## Exercise objective
From the records below, extract only the lines running from the line with "Uniforms hang on" to the line with "Переноска сумка Полусфера-Раскладная", both lines included, reproducing them exactly.

## Supplied entries
□ □ □ □ □ □ □
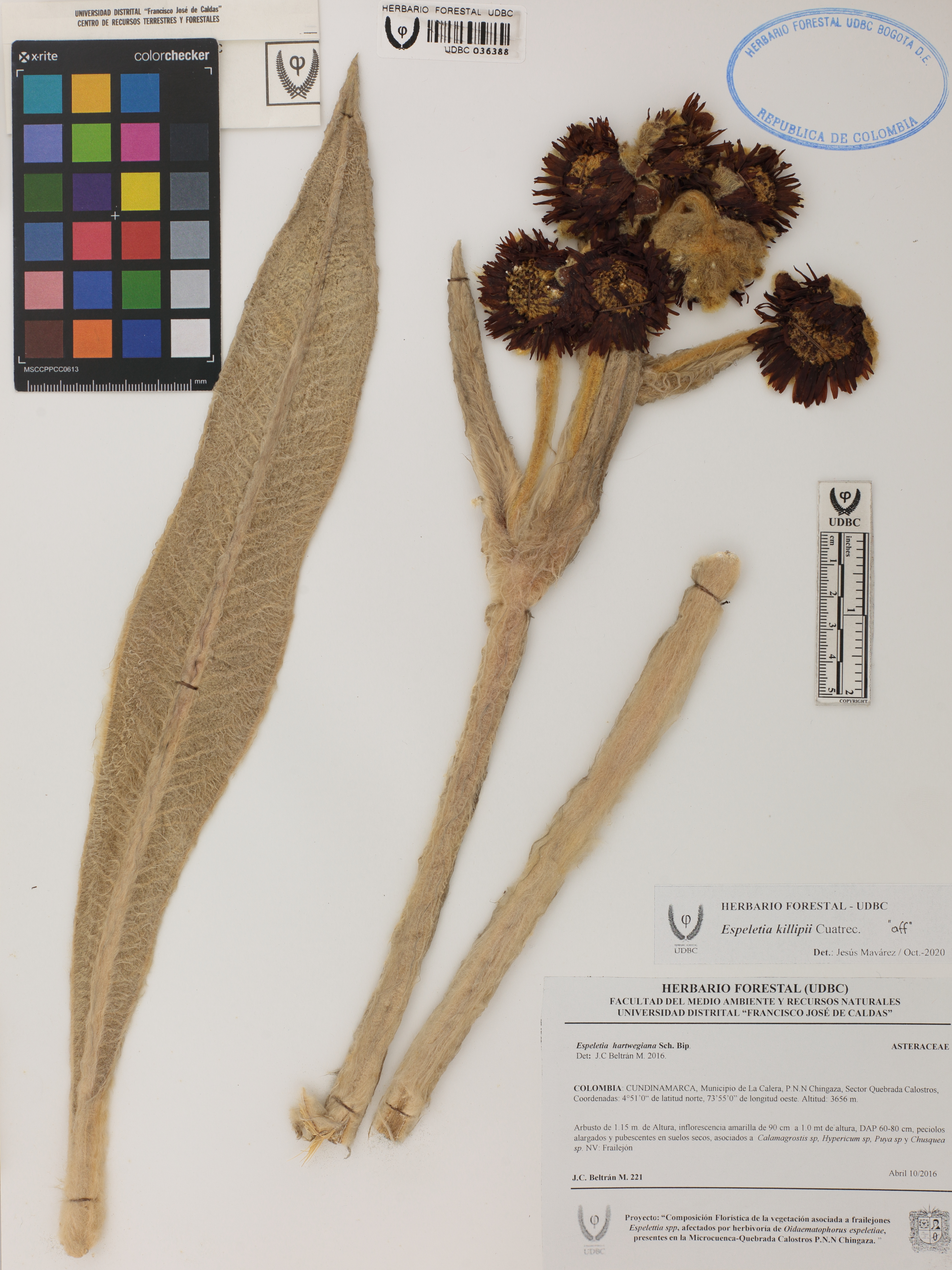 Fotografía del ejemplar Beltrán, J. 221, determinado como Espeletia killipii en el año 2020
□ □ □ □ □ □ □
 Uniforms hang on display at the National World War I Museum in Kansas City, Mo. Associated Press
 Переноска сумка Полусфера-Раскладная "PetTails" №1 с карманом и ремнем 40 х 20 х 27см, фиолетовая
□ □ □ □ □ □ □
## Written solution
 Uniforms hang on display at the National World War I Museum in Kansas City, Mo. Associated Press
 Переноска сумка Полусфера-Раскладная "PetTails" №1 с карманом и ремнем 40 х 20 х 27см, фиолетовая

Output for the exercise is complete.